→ INFORMATION PROVIDED:
=== Section Start ===
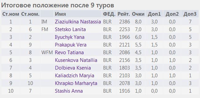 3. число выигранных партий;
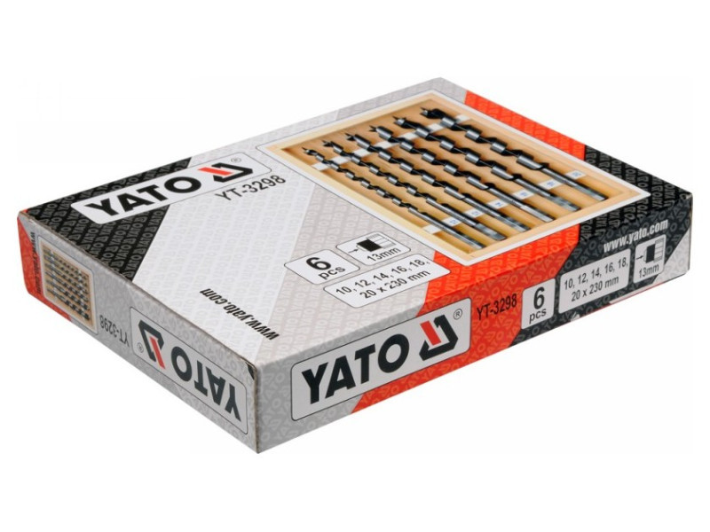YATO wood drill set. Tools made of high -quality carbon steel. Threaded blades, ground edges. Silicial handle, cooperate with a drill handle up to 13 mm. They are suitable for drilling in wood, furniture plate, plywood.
=== Section End ===
=== Section Start ===
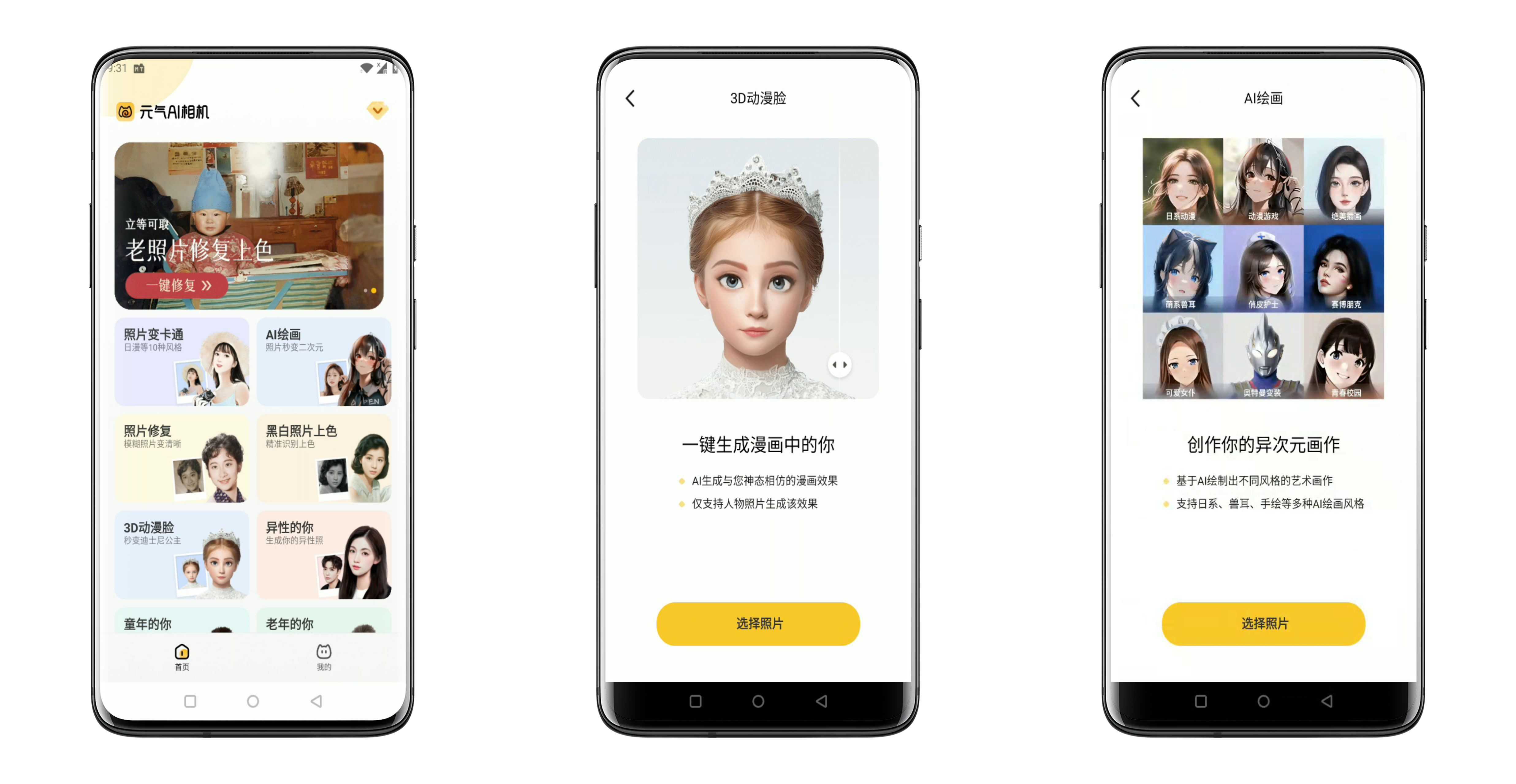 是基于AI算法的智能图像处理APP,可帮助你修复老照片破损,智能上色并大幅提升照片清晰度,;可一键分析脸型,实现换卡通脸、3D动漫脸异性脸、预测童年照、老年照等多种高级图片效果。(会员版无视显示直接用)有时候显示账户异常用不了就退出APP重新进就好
=== Section End ===
→ WORK REQUEST:
Copy out exactly the material that runs from the line with "3. число выигранных партий;" to the line with "YATO wood drill", ends included, and leave the pictures behind.

→ ANSWER:
 3. число выигранных партий;
YATO wood drill set. Tools made of high -quality carbon steel. Threaded blades, ground edges. Silicial handle, cooperate with a drill handle up to 13 mm. They are suitable for drilling in wood, furniture plate, plywood.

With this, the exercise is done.